YOUR GOAL: Leaving all pictures out, output exactly and only the line containing "下茹で(蒸し)してたり、途中" and the lines that follow it to the end of the material below.

SUPPLIED MATERIAL:
────
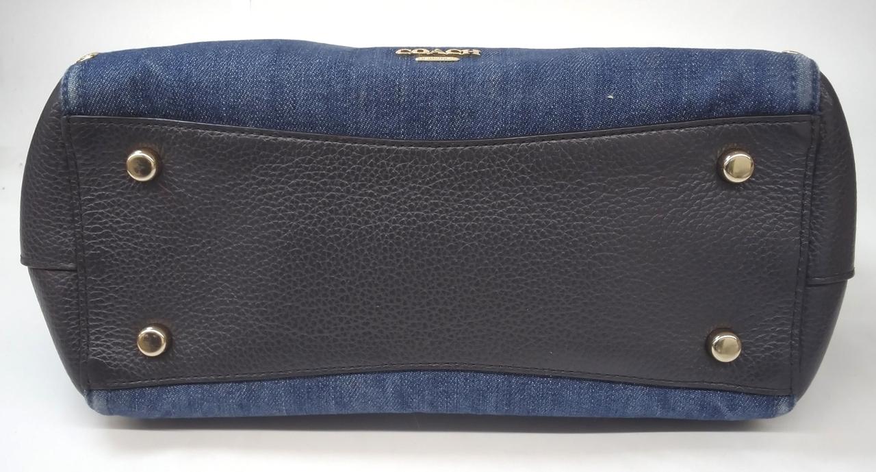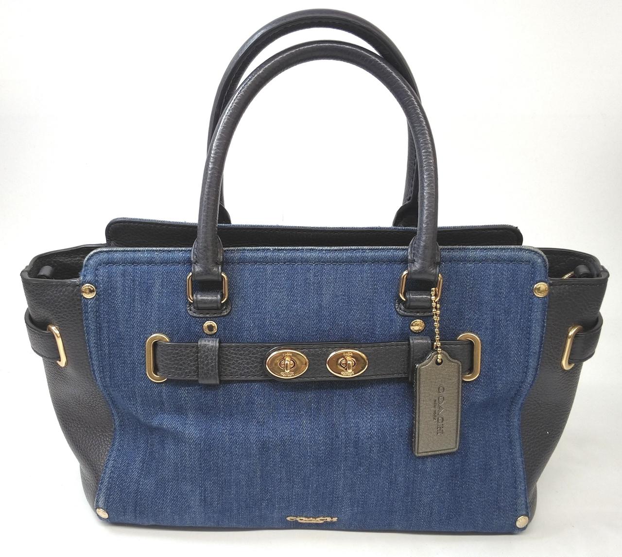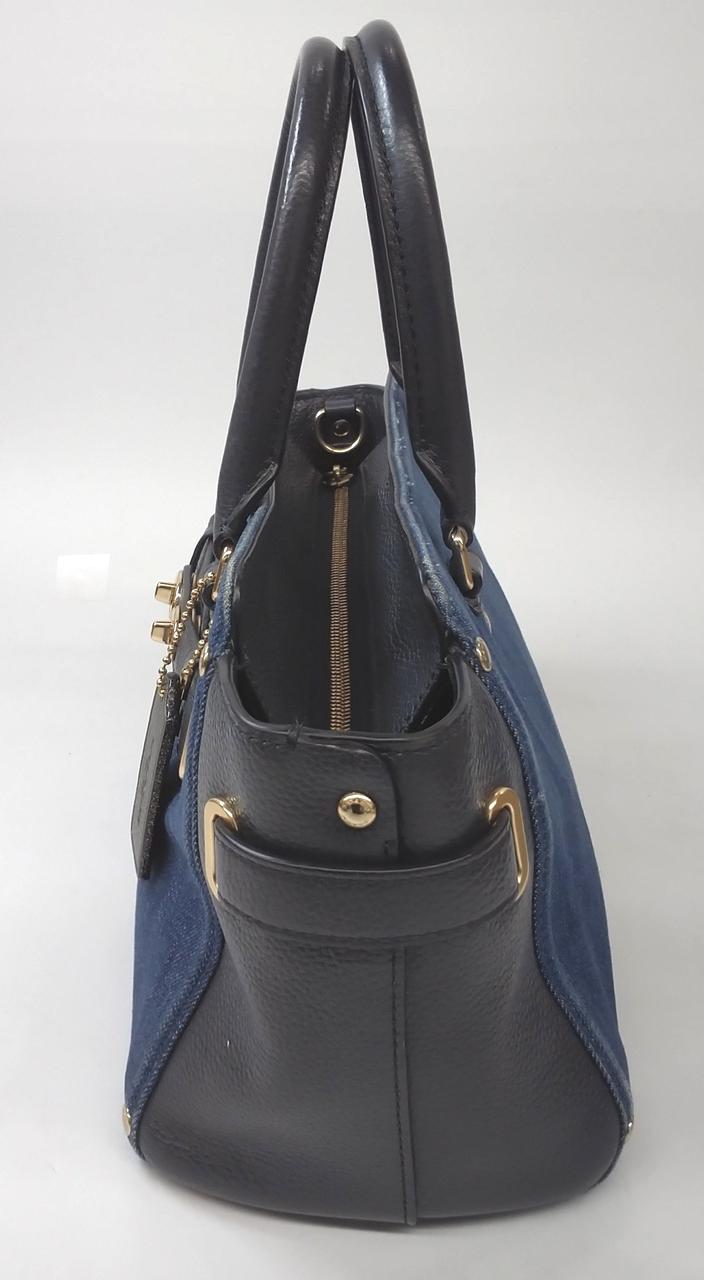 デニム素材とブラックレザーを組み合わせたコンビネーションデザインが特徴で、ターンロックの金具がアクセントになっています。
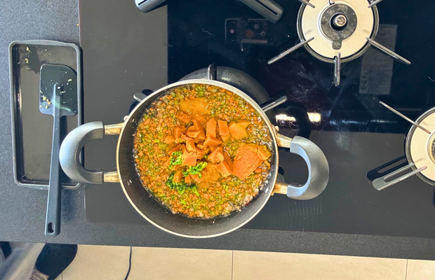 下茹で(蒸し)してたり、途中から火を入れているので煮込みの時間は10分程度。見た目や食感を考えると、煮込みすぎてどろどろにならない方がいいです。
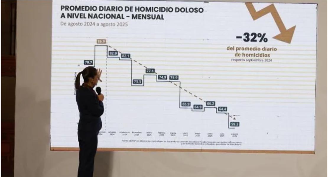 Ciudad de México.- El Gobierno de México dio a conocer este 9 de septiembre que los homicidios dolosos registraron una reducción del 32% en agosto de 2025 respecto al mismo mes del año pasado y en lo que va del sexenio. Según las cifras reveladas por el Gabinete de Seguridad durante “La Mañanera del pueblo” de la Presidenta Claudia Sheinbaum este martes, al pasar de un promedio diario de 86.9 víctimas a 59.2. Este descenso equivale a 27 homicidios menos en comparación con septiembre de 2024, y que convierte al de 2025 en el mes de agosto con menor incidencia en este delito desde 2015.
────
ANSWER SECTION:
 下茹で(蒸し)してたり、途中から火を入れているので煮込みの時間は10分程度。見た目や食感を考えると、煮込みすぎてどろどろにならない方がいいです。
 Ciudad de México.- El Gobierno de México dio a conocer este 9 de septiembre que los homicidios dolosos registraron una reducción del 32% en agosto de 2025 respecto al mismo mes del año pasado y en lo que va del sexenio. Según las cifras reveladas por el Gabinete de Seguridad durante “La Mañanera del pueblo” de la Presidenta Claudia Sheinbaum este martes, al pasar de un promedio diario de 86.9 víctimas a 59.2. Este descenso equivale a 27 homicidios menos en comparación con septiembre de 2024, y que convierte al de 2025 en el mes de agosto con menor incidencia en este delito desde 2015.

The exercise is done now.